In the listing below, find every line with the string "training" and pull it out.

--- Task data ---

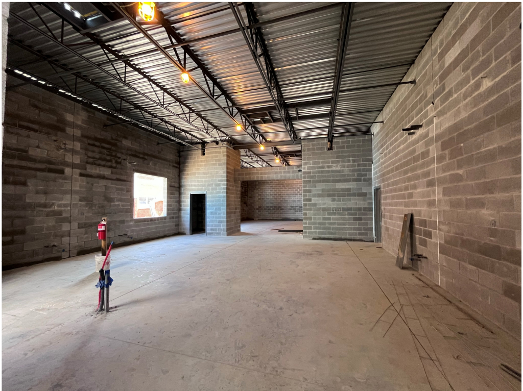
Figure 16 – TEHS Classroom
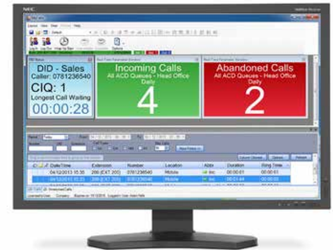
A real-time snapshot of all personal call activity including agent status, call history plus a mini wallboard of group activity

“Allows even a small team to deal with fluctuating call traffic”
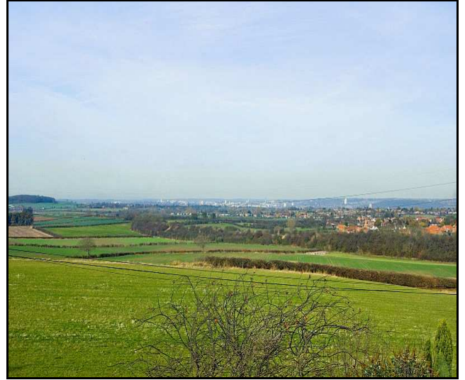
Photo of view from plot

---
--- Task data ---

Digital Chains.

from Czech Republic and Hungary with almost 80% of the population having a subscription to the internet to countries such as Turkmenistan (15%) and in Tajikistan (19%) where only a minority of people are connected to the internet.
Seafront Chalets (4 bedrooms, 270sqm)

---
--- Task data ---

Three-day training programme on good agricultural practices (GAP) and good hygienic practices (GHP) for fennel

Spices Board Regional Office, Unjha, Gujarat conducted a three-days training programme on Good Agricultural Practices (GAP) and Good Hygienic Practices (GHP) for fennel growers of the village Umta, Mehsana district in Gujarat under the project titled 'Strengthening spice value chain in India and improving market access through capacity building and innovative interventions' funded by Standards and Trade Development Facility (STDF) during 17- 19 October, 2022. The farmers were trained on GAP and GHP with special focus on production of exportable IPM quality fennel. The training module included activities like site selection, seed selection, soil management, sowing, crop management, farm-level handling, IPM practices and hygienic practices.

---

Problem solution ->
Three-day training programme on good agricultural practices (GAP) and good hygienic practices (GHP) for fennel
Spices Board Regional Office, Unjha, Gujarat conducted a three-days training programme on Good Agricultural Practices (GAP) and Good Hygienic Practices (GHP) for fennel growers of the village Umta, Mehsana district in Gujarat under the project titled 'Strengthening spice value chain in India and improving market access through capacity building and innovative interventions' funded by Standards and Trade Development Facility (STDF) during 17- 19 October, 2022. The farmers were trained on GAP and GHP with special focus on production of exportable IPM quality fennel. The training module included activities like site selection, seed selection, soil management, sowing, crop management, farm-level handling, IPM practices and hygienic practices.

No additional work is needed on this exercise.